Another thing that the board has done that might have been an issue is the keeping cameras on in the classroom. It is an important factor to some of these kids to have their privacy in their own home. Teachers have been abusing this power to an extent that even if a student has the camera on and you can maybe see the ceiling or the top of the head they won’t count the student there. This isn’t all teachers in the WJCC, but there are some. To add to this the schools’ days have been switched back to full day. The school board has irrationally changed this without taking consideration all the facts. Schools across the WJCC have had kids pop up with covid on the half day schedule. Lauren Adams, a Lafayette High School Junior, shared her thoughts on this difficult school and the decisions that have been made governing the school day. “I wish WJCC took more consideration of the students and teachers, whom everything is effecting the most.” Now that the schools are in a full day class system the students are forced to sit in the room doing nothing for hours on end breathing in the contaminated air non stop. As for lunches the students have one chance to sit down with all their belonging in a designated zone to eat lunch, they are not allowed to move from the seat. They are then escorted back to the class, as if they were prisoners. Schools have been compared to prison for years, but if this isn’t a compelling piece of evidence then what is?

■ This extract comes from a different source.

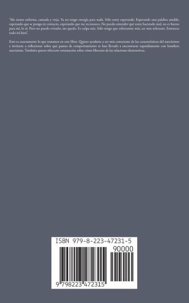 "Me siento enferma, cansada y vieja. Ya no tengo energía para nada. Sólo estoy esperando. Esperando una palabra amable, esperando que se ponga en contacto, esperando que me reconozca. No puedo entender qué estoy haciendo mal, no es bueno para mí, lo sé. Pero no puedo evitarlo, me quedo. Es culpa mía. Sólo tengo que esforzarme más, ser más tolerante. Entonces todo irá bien". Esto es exactamente lo que tratamos en este libro. Quiero ayudarte a ser más consciente de las características del narcisismo e invitarte a reflexionar sobre qué pautas de comportamiento te han llevado a encontrarte repetidamente con hombres narcisistas. También quiero ofrecerte orientación sobre cómo liberarte de las relaciones destructivas.

The signs outside of the wjcc schools along with the infamous rocks are just some of the things students are going to have to get used to seeing again.

Today in the WJCC it is completely different from last year or even the start of this year. We have sports being played and kids enjoying themselves out on the field again for the first time in a long time. The first group of kids went back to in person school about a week ago. But with all this change it was destine for something to go wrong. At Lafayette inside the WJCC district they reported their first covid case just a week and a half after students had returned to campus. There was also a case at other schools one being Toano middle school. If the district wishes to continue to safely have the students at schools there might have to be some changes made.

The WJCC school board has created an environment in the district to which they see to be the fittest with the pandemic, in which students and teachers have had to deal with everchanging schedules among other difficulties throughout the year. There are numerous ways the WJCC needs to improve. Maybe they could genuinely get the input from students in the district or observe themselves the day to day of the class, one other thought could be having them sit at home or at school for an extended period of time when the instruction and class work takes only a small fraction of the overall time the class has been intended to have. These are just a few ways the WJCC school board can improve and help the kids and not just worry about the economics or the politics of the situation which they have been from the start.